Advanced Upgrade and Database Migration
Before and After Database Migration
|
|
|
|
Before Database Migration
|
After Database Migration
|
Item
|
Description
|
Item
|
Description
|
1
|
Source computer
|
1
|
Target R76 computer connected to network
|
2
|
Management database migration path
|
|
|
3
|
R76 target computer, not connected to the network
|
|
|
Supported Upgrade Paths, Platforms and Products
Make sure that the upgrade from the version on the source computer is a supported. For a list of supported upgrade paths, platforms and products, see the R76 Release Notes.
Legacy Hardware Platforms
A legacy platform is a hardware platform unsupported for new installations but still supported for database migration.
Solaris
Although Solaris is a legacy platform (unsupported for new installations), you can migrate the Solaris database to Windows, SecurePlatform, and Gaia. But only from Check Point versions in the supported upgrade path. See the R76 Release Notes.
- For Security Management Server
The database migration procedure for Solaris is the same as for SecurePlatform and Gaia, as described in this chapter.
- For SmartDomain Manager
To export the SmartDomain Manager database from a legacy platform, use the R76 SecurePlatform CD. Only two menu options are available:
- preupgrade verification
- mds export
Migration Workflow
This section includes a procedural overview for database migration and continues with detailed procedures for each platform. Also included are special procedures for migrating:
- A secondary Security Management server
- To a server with a different IP address
- SmartReporter
- SmartEvent
Migration Workflow
General Workflow
First read the Release Notes to make sure that your upgrade path is supported.
If the target Security Management Server will not use the IP address of the source, prepare the environment to recognize the new IP address. Do this before you do the steps below.
On the source server:
- Get the migration tools package.
- Extract the downloaded package.
|
Important - Put all extracted files in the same directory, and run the tools from this directory.
|
- Make sure the files have executable permissions. For example, In the temporary directory, run
chmod 777 *
- Run
fw logswitch to close the SmartView Tracker log files. Only closed logs are migrated. - Close all Check Point GUI clients that are connected to the Security Management server.

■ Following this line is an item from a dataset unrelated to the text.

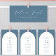 Placa de Cabeçalho de Gráficos de Mesa de Casamento com Script Azul Moderno e Moderno Minimalista. Todos os textos estão pré-organizados para que você personalize fácil e rapidamente com seus próprios detalhes.

Alternatively, if this is a computer that is not in production, run cpstop on the source computer.
|
Important - If you do not close the GUI clients or run cpstop , the exported management database can become corrupted.
|
- Make sure the source server and the target server have network access.
- The source and target servers must be connected to a network.

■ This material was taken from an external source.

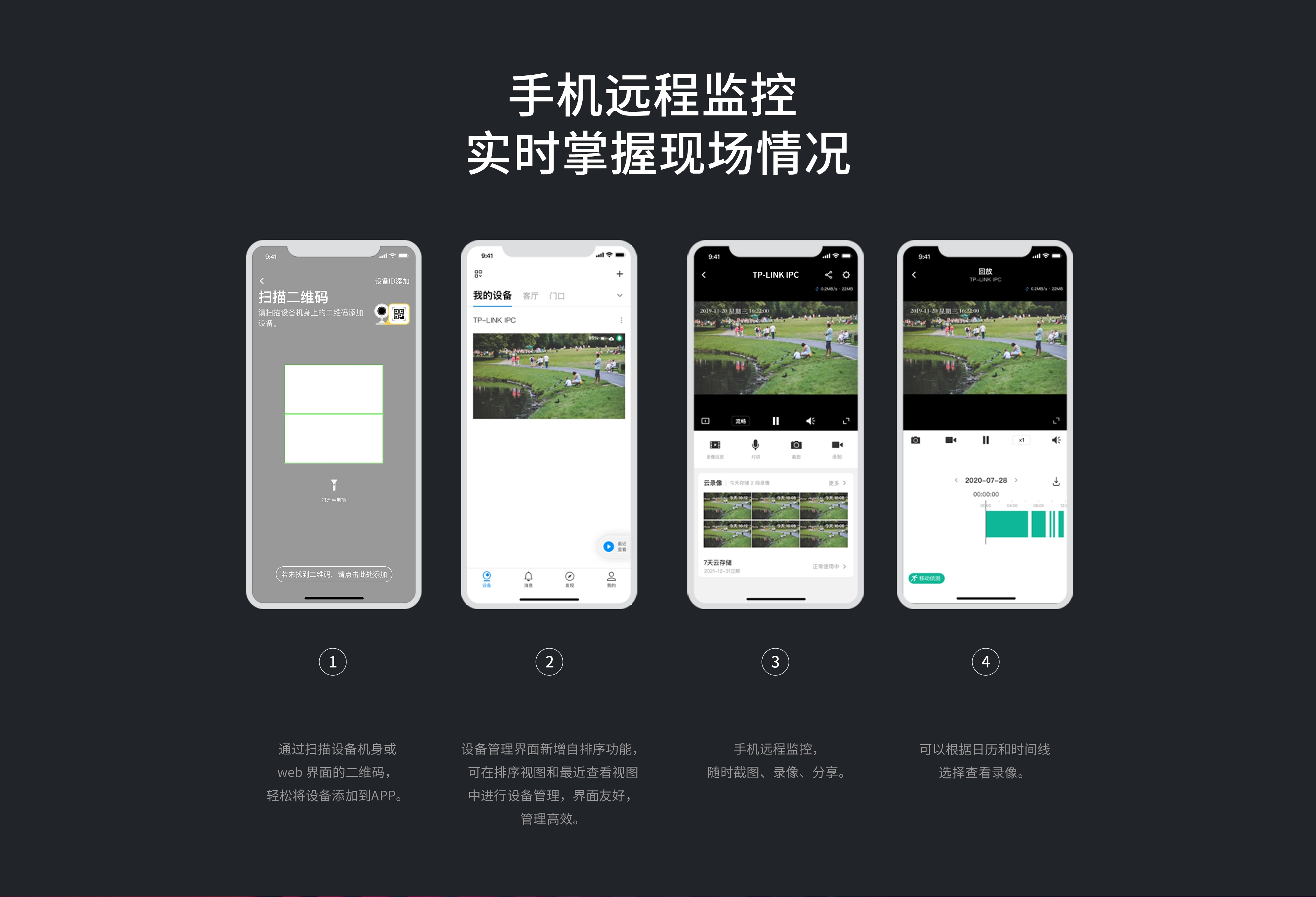 内置4颗白光灯、2颗红外灯,支持全彩/红外/移动侦测全彩

- The connected network interface must have an IP address.
- On SecurePlatform, the
ifconfig command output must show that the interface is UP. - On Windows, the interface must be enabled in the window.
- Run the
pre_upgrade_verifier command. - Correct all errors before continuing.

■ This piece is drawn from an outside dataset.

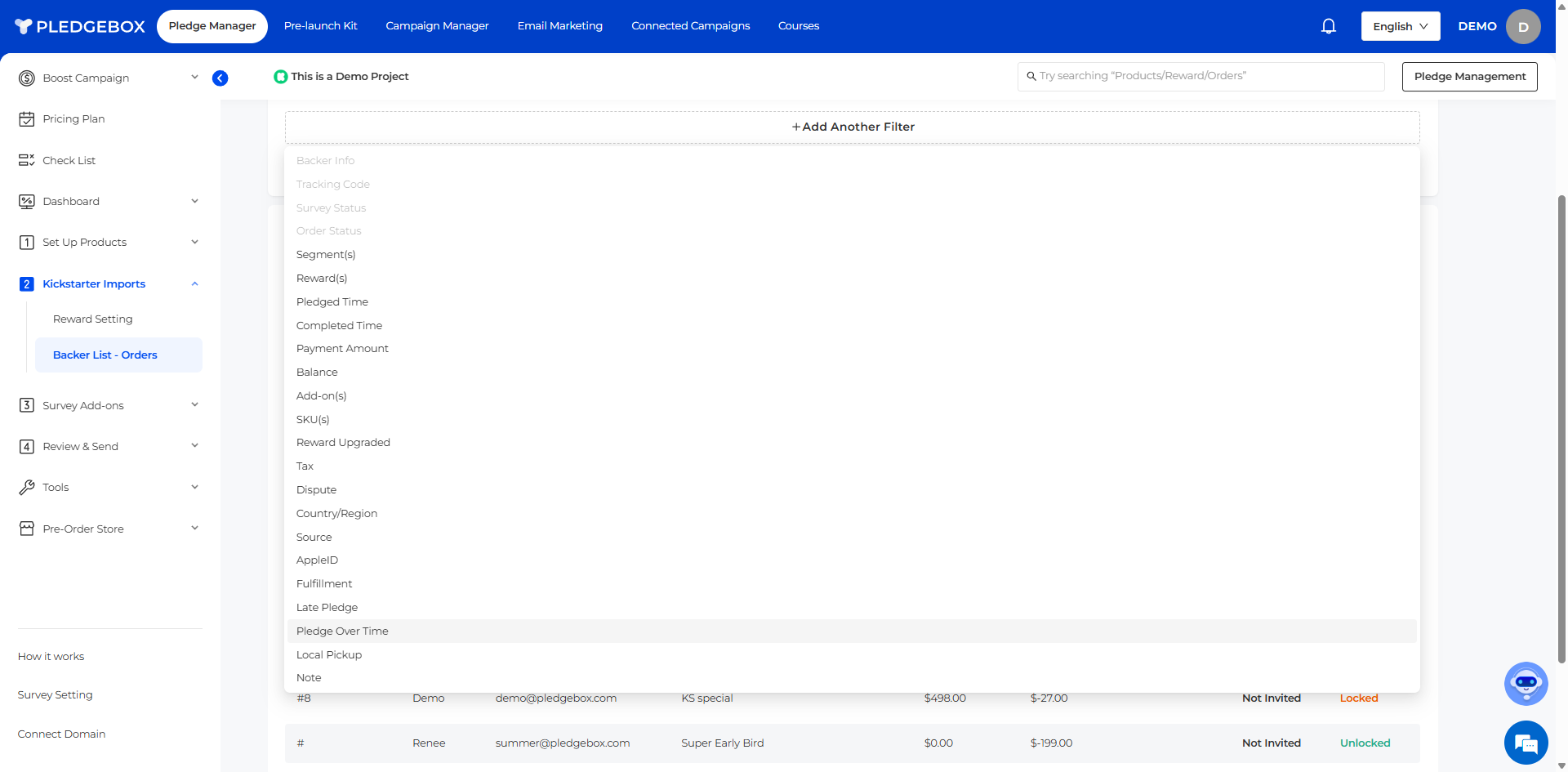 PledgeBox supports you to filter out the orders by various filter conditions. 1) Backer Info 2) Survey Status 3) Order Status 4) Segment(s) 5) Rewards 6) Pledged Time 7) Complete Time 8) Payment Amount 9) Balance 10) Add-on(s) 11)SKU(s) 12)Reward ...

- If the target server must have a different IP address than the source server, make the necessary changes on the source server.
- Export the management database.
- If SmartReporter is installed on the source server, export the Log Consolidation database.
- If SmartEvent is installed on the source server, export the Events database.
On the target server:
- Install the R76 Security Management server or a standalone deployment. Configure as required.
- Get the most updated migration tools package for the target platform (recommended) or use the installed migration tools in
$FWDIR/bin/upgrade_tools on Unix platforms or %FWDIR%\bin\upgrade_tools on Windows. - Import the management database from the source server to the target.
- If SmartReporter is installed on the source server, import the Log Consolidation database.
- If SmartEvent is installed on the source server, import the SmartEvent Events database.
- If the target server has a different IP address than the source server, make the necessary changes to the license and target computer.
If the target server is a different platform that the source server, edit the database.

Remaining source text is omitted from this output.